9. Resource Ownership
Tenant-owned resources:
- Node.
- Capability Binding.
- Runtime Binding.
- Endpoint.
- Domain.
- Certificate.
- Deployment Token.
- Traffic Policy.
- Quota Policy.
- Desired State.
- Health Check.
- Metrics.
- Usage Rollup.
- Audit Event.
User-owned resources inside a tenant:
- Client Access Subscription.
- Subscription protocol credentials.
- Future personal access tokens.
- Future personal client devices.
Node ownership types:
byoh: user or tenant brings the host.managed: platform-managed dedicated node.shared: platform-managed node authorized for multiple tenants.
Shared resources must enforce:
- tenant authorization.
- subscription credential isolation.
- traffic and quota attribution.
- endpoint authorization.
- desired state isolation.
10. API Requirements
Every authenticated request resolves:
- user.
- active memberships.
- tenant context when required.
- role or effective permission.
Business APIs must:
- reject unauthenticated requests.
- check active membership before tenant access.
- apply tenant_id filters to tenant-scoped queries.
- apply user_id filters for member-owned subscription lists.
- return 403 for tenant access violations.
- return 404 for resources hidden by authorization when appropriate.
The frontend may route by tenant in the future, for example:
/:tenant_id/nodes
/:tenant_id/subscriptions
/:tenant_id/settings/members
The current console can keep an implicit active tenant while the API model remains tenant-aware.
11. Database Requirements
All tenant-scoped tables must include tenant_id.

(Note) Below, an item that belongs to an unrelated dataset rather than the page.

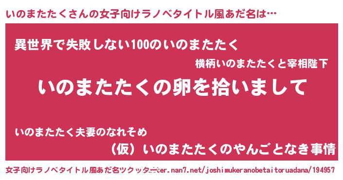 | 男性向けラノベタイトル風あだ名 | 『いのまたたくの嫁は女の子じゃないと思った?』 |
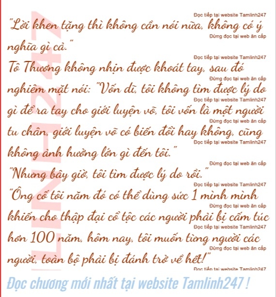 "Thực không dám giấu, thập đại cổ tộc chúng tôi sở dĩ nhiều năm như vậy cũng không xuất thế là vì các lão tổ trong nhà đã thua dưới tay của tiền bối Tô Vô Kỵ, bị ép cho phải chấp nhận yêu cầu của tiền bối Tô Vô Kỵ."

User-owned tenant resources must include both:
tenant_iduser_id
Current baseline tables:
users
tenants
memberships
subscriptions
subscription_protocol_credentials
Future identity and team tables:
teams
team_memberships
identity_providers
external_identities
external_groups
external_group_mappings
role_definitions
permission_definitions
role_permission_bindings
Custom roles are deferred. Built-in roles are enough for the current baseline.
12. Console Administration
Console should be organized around team and tenant operations:
- Overview.
- Nodes.
- Traffic.
- Client Access Subscriptions.
- Routing Policies.
- Usage and Quotas.
- Domains and TLS.
- Runtime Catalog.
- Deployment Tokens.
- Settings.
Settings should eventually include:
- Team.
- Members.
- Roles.
- Identity Providers.
- External Group Mappings.
- Tenant Plan.
- Audit.
For the current baseline, member management and identity provider management can remain planned, but the subscription pages must already respect per-user ownership.
13. Acceptance Criteria
Baseline acceptance:
- A user can belong to multiple tenants.
- A member can create a client access subscription in their tenant.
- A member lists only their own client access subscriptions.
- A member cannot rotate, revoke, update, or delete another user's subscription.
- An admin can manage all subscriptions in the tenant.
- A viewer can read tenant-wide subscriptions but cannot mutate them.
- Tenant-scoped SQL queries include tenant_id.
- Subscription list queries can filter by user_id.
Future acceptance:
- OIDC users can be mapped into OrbitMesh users.
- OIDC groups can map to tenant roles.
- Feishu and WeCom groups can map to tenant roles.
- GitHub Teams can map to tenant roles.
- Team can contain multiple tenants or workspaces.
- Custom roles can be added without changing business use cases.